Fibre Channel consists of the following layers:

  • FC-0 -- The interface to the physical media
  • FC-1 -- The encoding and decoding of data and out-of-band physical link control information for transmission over the physical media
  • FC-2 -- The transfer of frames, sequences and exchanges comprising protocol information units.
  • FC-3 -- Common services required for advanced features such as striping, hunt group and multicast.
  • FC-4 -- Application interfaces that can execute over Fibre Channel such as the Fibre Channel Protocol for SCSI (FCS).
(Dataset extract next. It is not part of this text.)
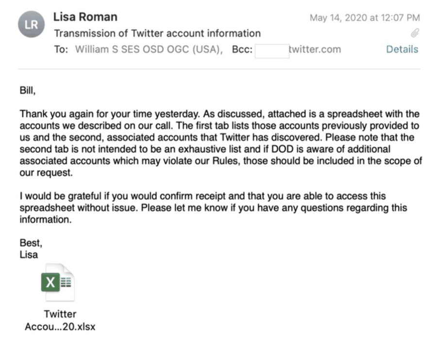 2020年5月、ツイッターのリサ・ローマンは国防総省に2つのリストを電子メールで送りました。

Unlike a layered network architecture, a Fibre Channel network is largely specified by functional elements and the interfaces between them. These consist, in part, of the following:

  • N_PORTs—The end points for traffic.
  • FC Devices—The devices to which the N_PORTs provide access.
  • Fabric Ports—The interfaces within a network that provide attachment for an N_PORT.
  • The network infrastructure for carrying frame traffic between N_PORTs.
  • Within a switched or mixed fabric, a set of auxiliary servers, including a name server for device discovery and network address resolution.

Fibre Channel network topologies consist of the following:

  • Arbitrated Loop—A series of N_PORTs connected together in daisy-chain fashion.
  • Switched Fabric—A network consisting of switching elements.
  • Mixed Fabric—A network consisting of switches and "fabric-attached" loops. A loop-attached N_PORT (NL_PORT) is connected to the loop through an L_PORT and accesses the fabric by way of an FL_PORT.